DATA EXCERPTS START

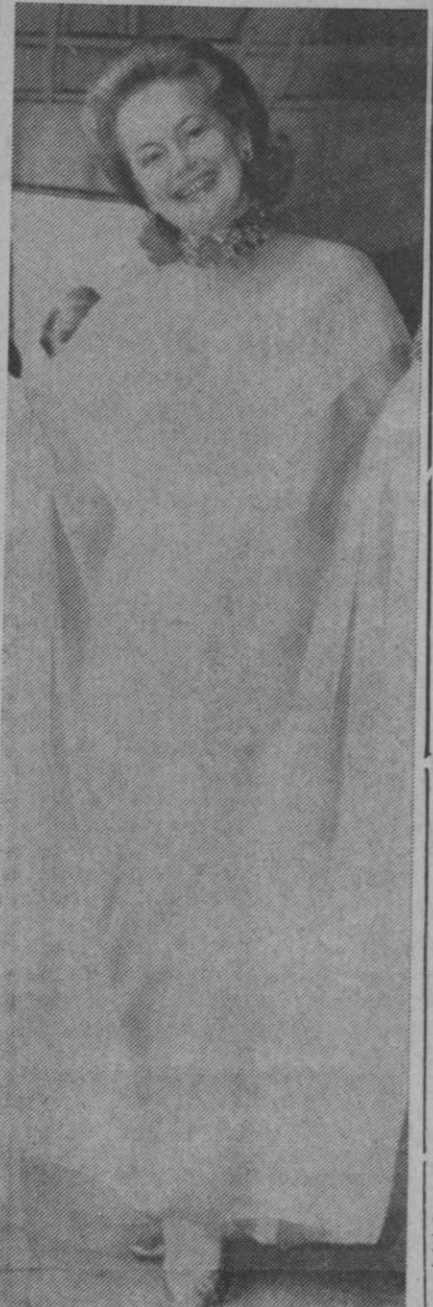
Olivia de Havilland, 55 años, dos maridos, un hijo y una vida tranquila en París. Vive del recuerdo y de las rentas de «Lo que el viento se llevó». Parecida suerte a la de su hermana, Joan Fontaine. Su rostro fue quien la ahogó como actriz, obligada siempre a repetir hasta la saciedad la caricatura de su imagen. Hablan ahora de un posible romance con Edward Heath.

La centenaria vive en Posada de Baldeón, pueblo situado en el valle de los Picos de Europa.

DATA EXCERPTS END
DATA EXCERPTS START

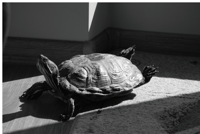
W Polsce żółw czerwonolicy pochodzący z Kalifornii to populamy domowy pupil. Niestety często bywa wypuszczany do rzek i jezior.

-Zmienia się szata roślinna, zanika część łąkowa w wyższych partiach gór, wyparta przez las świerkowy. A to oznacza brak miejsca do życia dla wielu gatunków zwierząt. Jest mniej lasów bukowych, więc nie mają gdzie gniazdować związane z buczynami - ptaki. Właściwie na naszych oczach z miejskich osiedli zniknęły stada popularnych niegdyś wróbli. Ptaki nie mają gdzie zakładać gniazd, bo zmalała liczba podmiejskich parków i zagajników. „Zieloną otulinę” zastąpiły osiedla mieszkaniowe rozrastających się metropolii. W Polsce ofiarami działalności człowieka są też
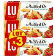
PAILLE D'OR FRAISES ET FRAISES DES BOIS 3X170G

DATA EXCERPTS END

WHAT THE TASK REQUIRES
Write down exactly what the lines above say, from the line holding "-Zmienia się szata" through the line holding "PAILLE D'OR FRAISES", and nothing more. Do not copy the pictures.

RESULT BELOW
-Zmienia się szata roślinna, zanika część łąkowa w wyższych partiach gór, wyparta przez las świerkowy. A to oznacza brak miejsca do życia dla wielu gatunków zwierząt. Jest mniej lasów bukowych, więc nie mają gdzie gniazdować związane z buczynami - ptaki. Właściwie na naszych oczach z miejskich osiedli zniknęły stada popularnych niegdyś wróbli. Ptaki nie mają gdzie zakładać gniazd, bo zmalała liczba podmiejskich parków i zagajników. „Zieloną otulinę” zastąpiły osiedla mieszkaniowe rozrastających się metropolii. W Polsce ofiarami działalności człowieka są też
PAILLE D'OR FRAISES ET FRAISES DES BOIS 3X170G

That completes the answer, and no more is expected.